According to claim 1,
The step of determining the suitability of the selected final proofreading word candidate includes:
If the selected final proofreading word candidate is not suitable, the speech recognition post-processing method according to claim 1 , wherein the original sentence of the speech recognition result text is output.

It is combined with a computer that is hardware, and stored in a computer-readable recording medium to execute the method of any one of claims 1, 2, 3, 4, 5, 6 and 8. program.

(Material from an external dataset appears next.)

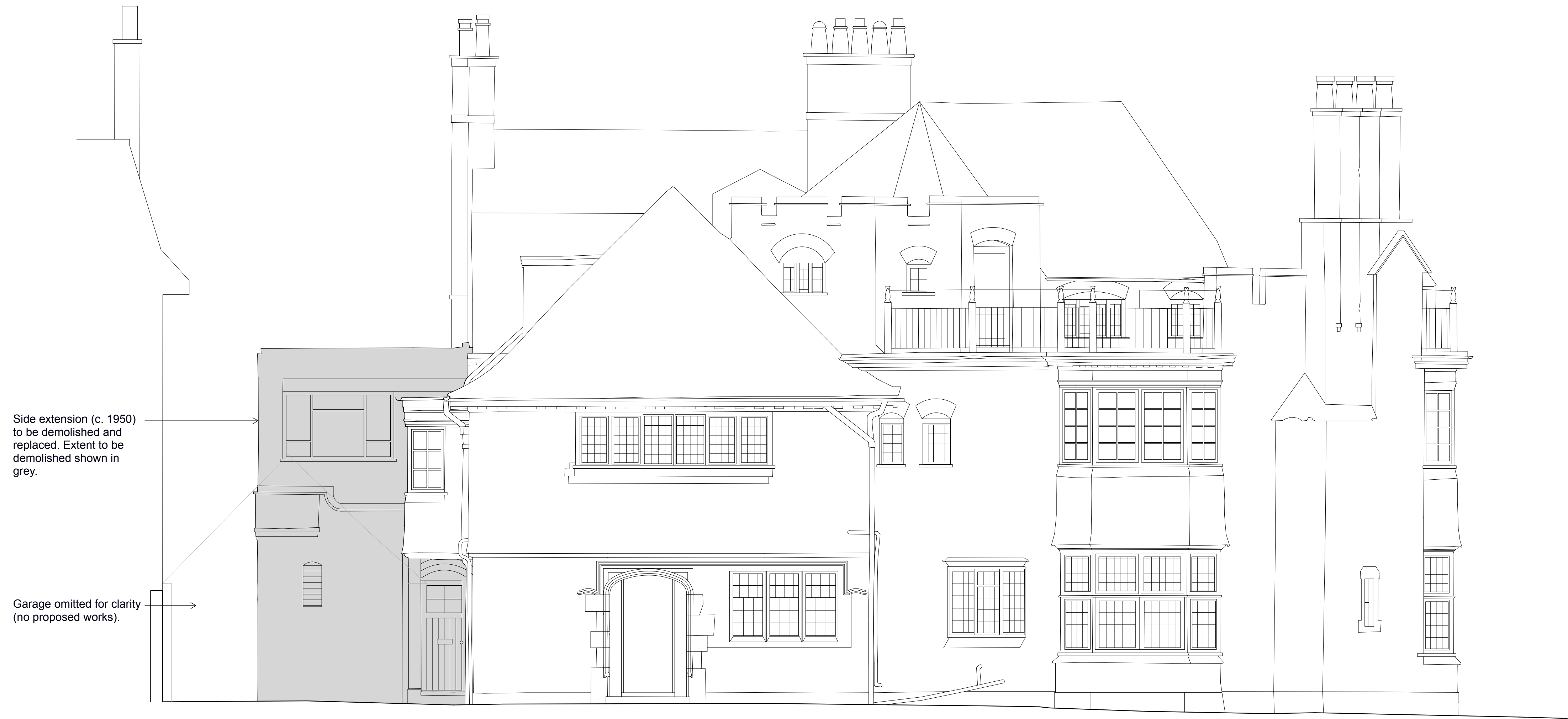
(PL)30_EXTENSION FRONT ELEVATION - EXISTING

NOTES: © t A Greig Limited- All rights described in Chapter IV of the Copyright, Designs and Patents Act 1988 have been asserted. This drawing is to be read in conjunction with the specification and all relevant drawings. Contractor to check all dimensions on site. Do not scale from this drawing. t A Greig Limited to be advised of any variation between the drawings and site conditions.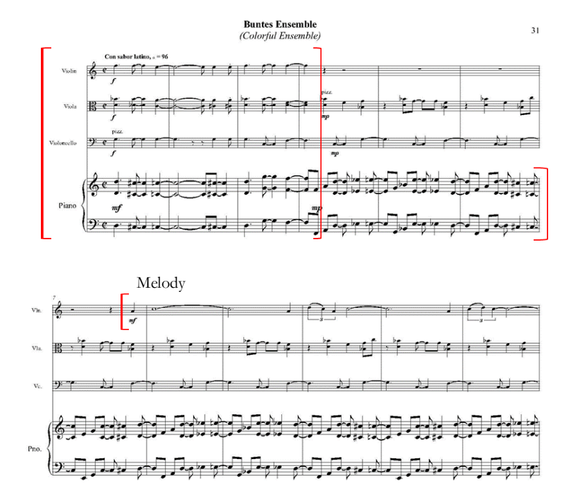
Example 5. Sierra's Kandinsky, "Colorful Ensemble" mm. 1–12

Colorful Ensemble, the final movement of Kandinsky , caps Sierra's "musical display" with all four instruments joining in a harmonious (tonal) popularly-inspired classical version of the famous Cuban son , El Manicero (Peanut Vendor) by Albert Gómez. This movement presents varying gestural designs, opening with instruments playing in tutti at mm. 1–3, and setting off the rhythmic syncopation that follows on the piano. The melody of El Manicero , transformed of course, is placed on the violin at mm. 7–47. It is then taken over by the piano at mm. 39–45, the viola at mm. 48–55, and cello at mm. 56–62. The canon structure of the movement is often supported by the instrumental accompaniment (especially the piano), playing syncopated rhythms. In such manner, Sierra accentuates the idea of an "ensemble" by separately highlighting each of the instruments, while at the same time showcasing the popular character of the movement without breaking with rhythmic regularity. Between mm. 63–76, the strings play against the piano accompaniment, in polyphonic (two-voiced) syncopation, returning to the melodic structure at mm. 82–112.

In an AI (Artificial Intelligence) interview environment, a post-processing apparatus for speech recognition,
a word vector space generator that acquires interview data of an AI interviewee and generates a word vector space based on the interview data;
a non-fluency verification unit that obtains the speech recognition result text of the AI interviewee and verifies the non-fluency of the speech recognition result text based on the word vector space;
a proofreading vocabulary candidate group generating unit defining a non-fluent part of the speech recognition result text as a proofreading section and generating a proofreading vocabulary candidate group corresponding to the proofreading section based on the word vector space;
a structural similarity verification unit that verifies the structural similarity of words belonging to the proofreading vocabulary candidate group;
a contextual relevance verification unit for verifying the contextual relevance of words belonging to the proofreading vocabulary candidate group;
a final proofreading word candidate selector selecting a final proofreading word candidate by calculating a similarity index through selective weighting of structural similarity and contextual relevance of words belonging to the proofreading word candidate group;
a determination unit for determining whether the selected final proofreading word candidate is appropriate; And,
and a result output unit for replacing the correction section in the speech recognition result text with the final correction word candidate and outputting the selected final correction word candidate if the selected final correction word candidate is suitable;
The final proofreading word candidate selection unit,
The speech recognition post-processing apparatus of claim 1, wherein structural similarity and contextual relevance of the words of the proofreading vocabulary candidate group are digitized as values between 0 and 1, respectively, and a similarity index for extracting the final proofreading word candidate is calculated based on the numerical values.